→ **Source data**:
■ ■ ■

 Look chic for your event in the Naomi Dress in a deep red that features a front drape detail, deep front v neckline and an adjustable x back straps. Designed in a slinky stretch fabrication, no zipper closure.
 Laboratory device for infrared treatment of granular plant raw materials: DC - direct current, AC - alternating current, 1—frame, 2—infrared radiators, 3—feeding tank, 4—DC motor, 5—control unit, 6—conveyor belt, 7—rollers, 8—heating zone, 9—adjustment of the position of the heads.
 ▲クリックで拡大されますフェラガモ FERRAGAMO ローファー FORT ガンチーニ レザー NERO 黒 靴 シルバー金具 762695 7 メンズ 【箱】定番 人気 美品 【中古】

■ ■ ■

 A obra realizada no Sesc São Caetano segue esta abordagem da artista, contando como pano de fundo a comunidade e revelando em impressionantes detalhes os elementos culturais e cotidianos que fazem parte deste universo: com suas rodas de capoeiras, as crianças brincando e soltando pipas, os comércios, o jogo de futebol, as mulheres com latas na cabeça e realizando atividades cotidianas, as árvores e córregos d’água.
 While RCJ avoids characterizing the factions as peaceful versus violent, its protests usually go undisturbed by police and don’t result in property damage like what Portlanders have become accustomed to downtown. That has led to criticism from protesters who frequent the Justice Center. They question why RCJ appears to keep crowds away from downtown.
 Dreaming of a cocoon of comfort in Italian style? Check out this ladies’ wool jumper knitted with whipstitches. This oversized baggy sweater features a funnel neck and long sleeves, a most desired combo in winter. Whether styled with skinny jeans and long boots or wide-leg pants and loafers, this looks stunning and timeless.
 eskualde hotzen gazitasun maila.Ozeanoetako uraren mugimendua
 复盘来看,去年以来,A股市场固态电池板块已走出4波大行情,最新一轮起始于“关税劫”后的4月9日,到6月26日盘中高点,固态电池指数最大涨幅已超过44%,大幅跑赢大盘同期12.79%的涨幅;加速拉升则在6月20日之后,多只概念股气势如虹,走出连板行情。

■ ■ ■

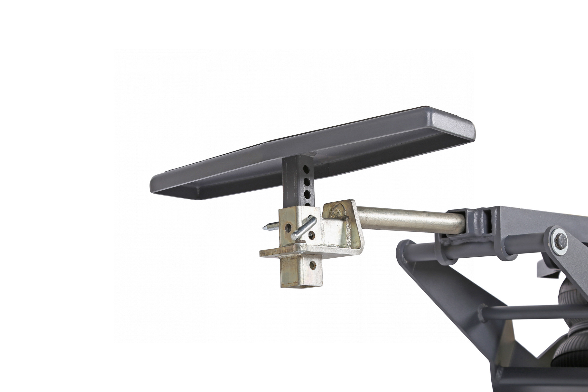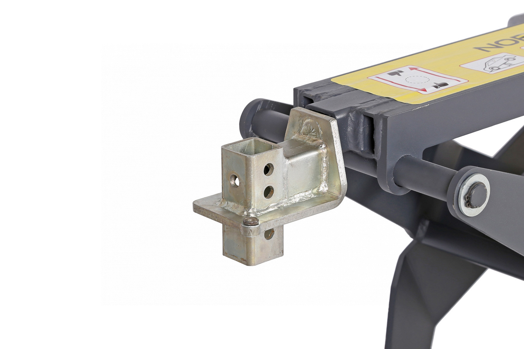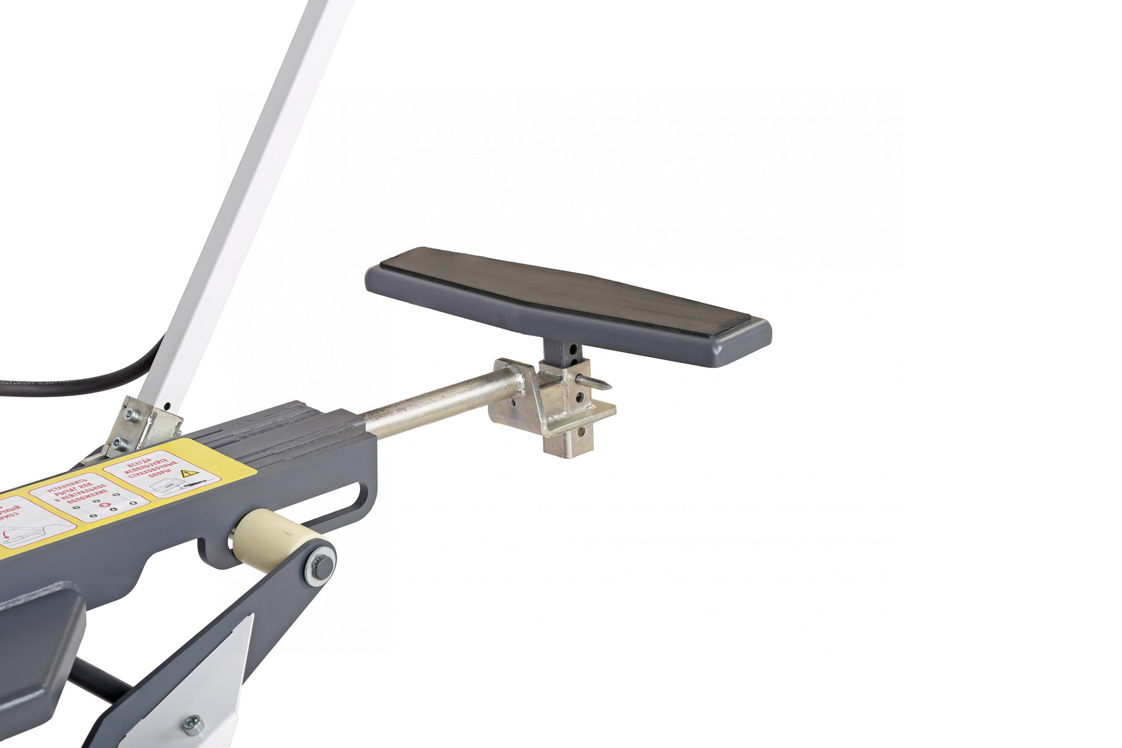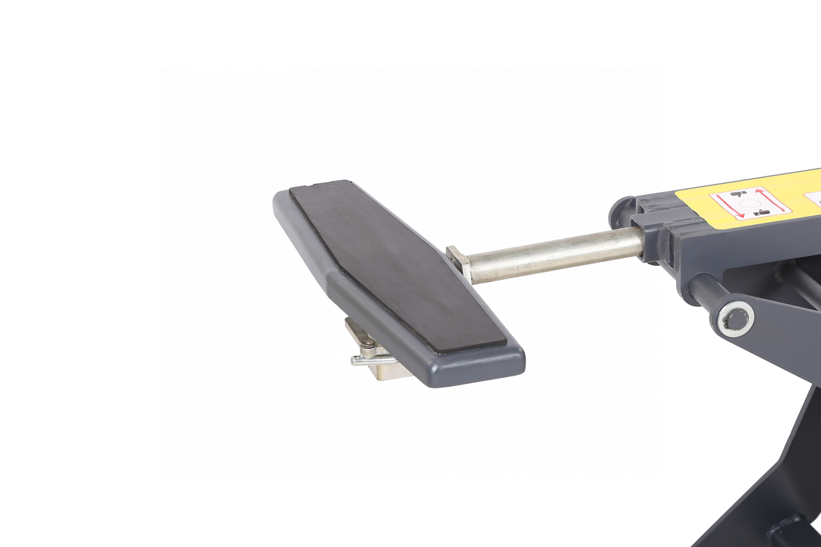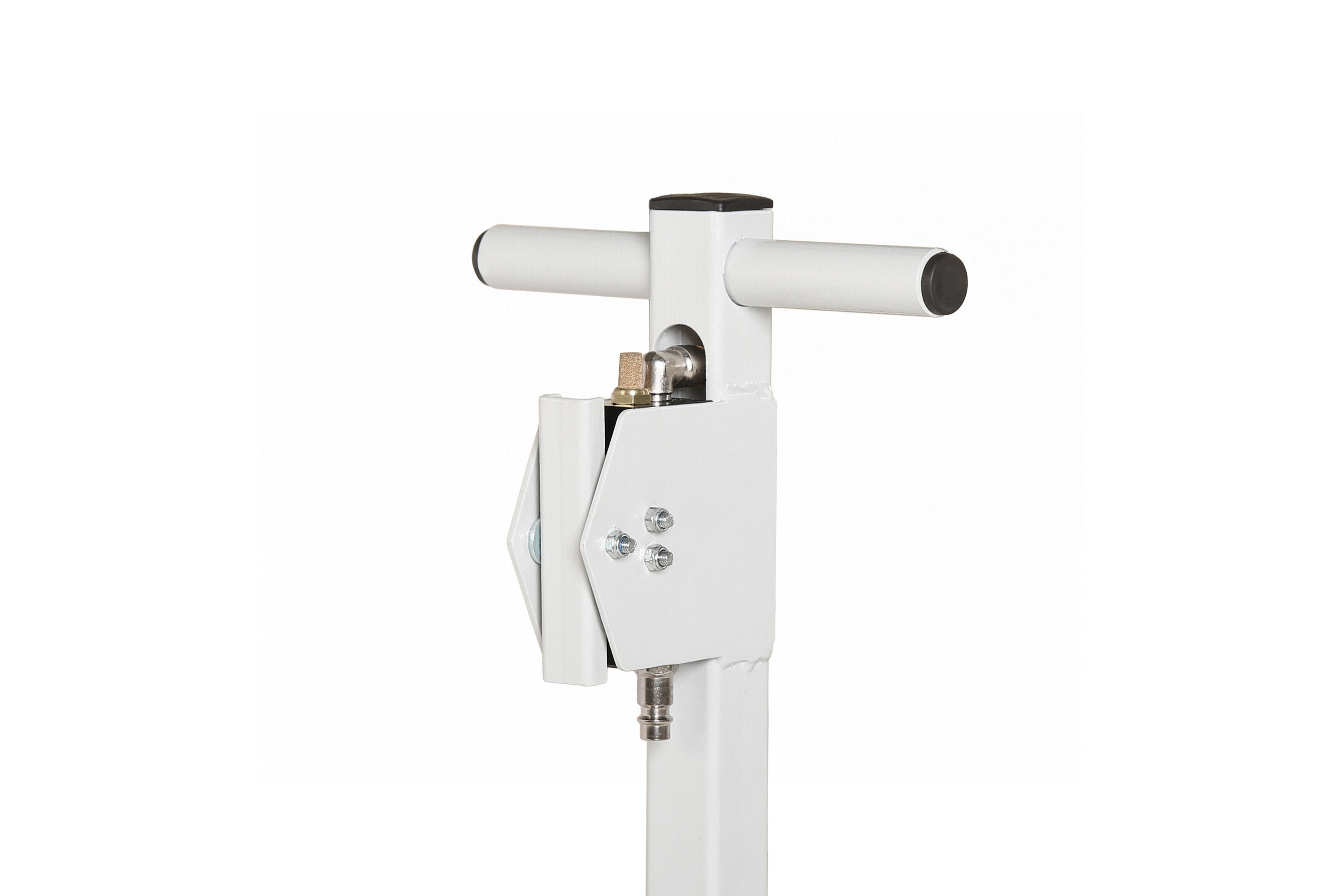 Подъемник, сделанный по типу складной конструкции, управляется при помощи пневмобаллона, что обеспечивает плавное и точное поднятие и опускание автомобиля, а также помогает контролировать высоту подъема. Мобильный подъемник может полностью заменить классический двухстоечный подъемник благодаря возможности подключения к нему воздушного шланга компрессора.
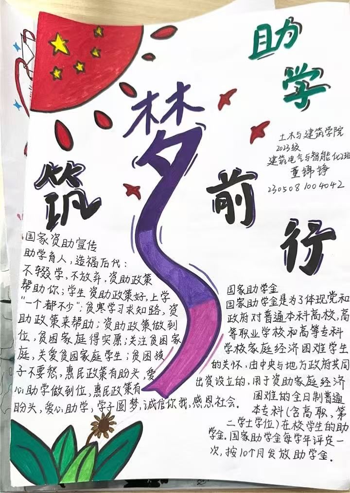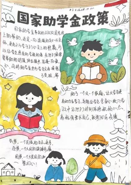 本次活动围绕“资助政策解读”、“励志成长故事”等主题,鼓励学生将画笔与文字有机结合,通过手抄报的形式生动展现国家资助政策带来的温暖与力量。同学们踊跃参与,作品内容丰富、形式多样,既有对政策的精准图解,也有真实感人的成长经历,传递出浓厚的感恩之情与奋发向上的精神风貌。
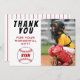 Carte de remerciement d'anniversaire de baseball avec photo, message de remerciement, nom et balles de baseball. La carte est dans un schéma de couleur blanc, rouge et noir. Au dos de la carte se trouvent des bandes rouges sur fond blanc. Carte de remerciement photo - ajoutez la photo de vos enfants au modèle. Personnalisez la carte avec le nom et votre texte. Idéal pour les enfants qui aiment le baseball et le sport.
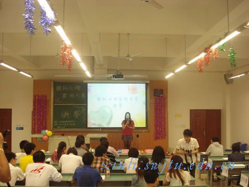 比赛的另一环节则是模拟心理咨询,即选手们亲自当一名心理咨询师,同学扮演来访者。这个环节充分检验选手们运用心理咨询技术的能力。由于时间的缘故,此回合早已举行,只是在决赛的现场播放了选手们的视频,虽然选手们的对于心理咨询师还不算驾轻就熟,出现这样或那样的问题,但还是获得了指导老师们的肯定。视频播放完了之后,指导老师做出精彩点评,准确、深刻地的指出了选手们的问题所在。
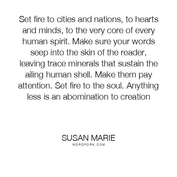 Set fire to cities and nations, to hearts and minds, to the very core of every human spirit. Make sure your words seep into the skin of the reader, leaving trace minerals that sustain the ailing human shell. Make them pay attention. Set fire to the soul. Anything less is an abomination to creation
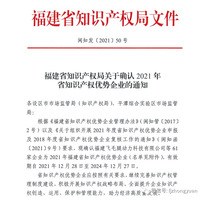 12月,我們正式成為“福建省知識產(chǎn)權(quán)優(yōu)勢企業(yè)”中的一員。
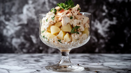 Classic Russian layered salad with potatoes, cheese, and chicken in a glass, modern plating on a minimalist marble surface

■ ■ ■

→ **Task statement**:
The lines above from the one containing "eskualde hotzen gazitasun" through the one containing "复盘来看,去年以来,A股市场" are to be set down exactly, and no others.

→ **Written solution**:
 eskualde hotzen gazitasun maila.Ozeanoetako uraren mugimendua
 复盘来看,去年以来,A股市场固态电池板块已走出4波大行情,最新一轮起始于“关税劫”后的4月9日,到6月26日盘中高点,固态电池指数最大涨幅已超过44%,大幅跑赢大盘同期12.79%的涨幅;加速拉升则在6月20日之后,多只概念股气势如虹,走出连板行情。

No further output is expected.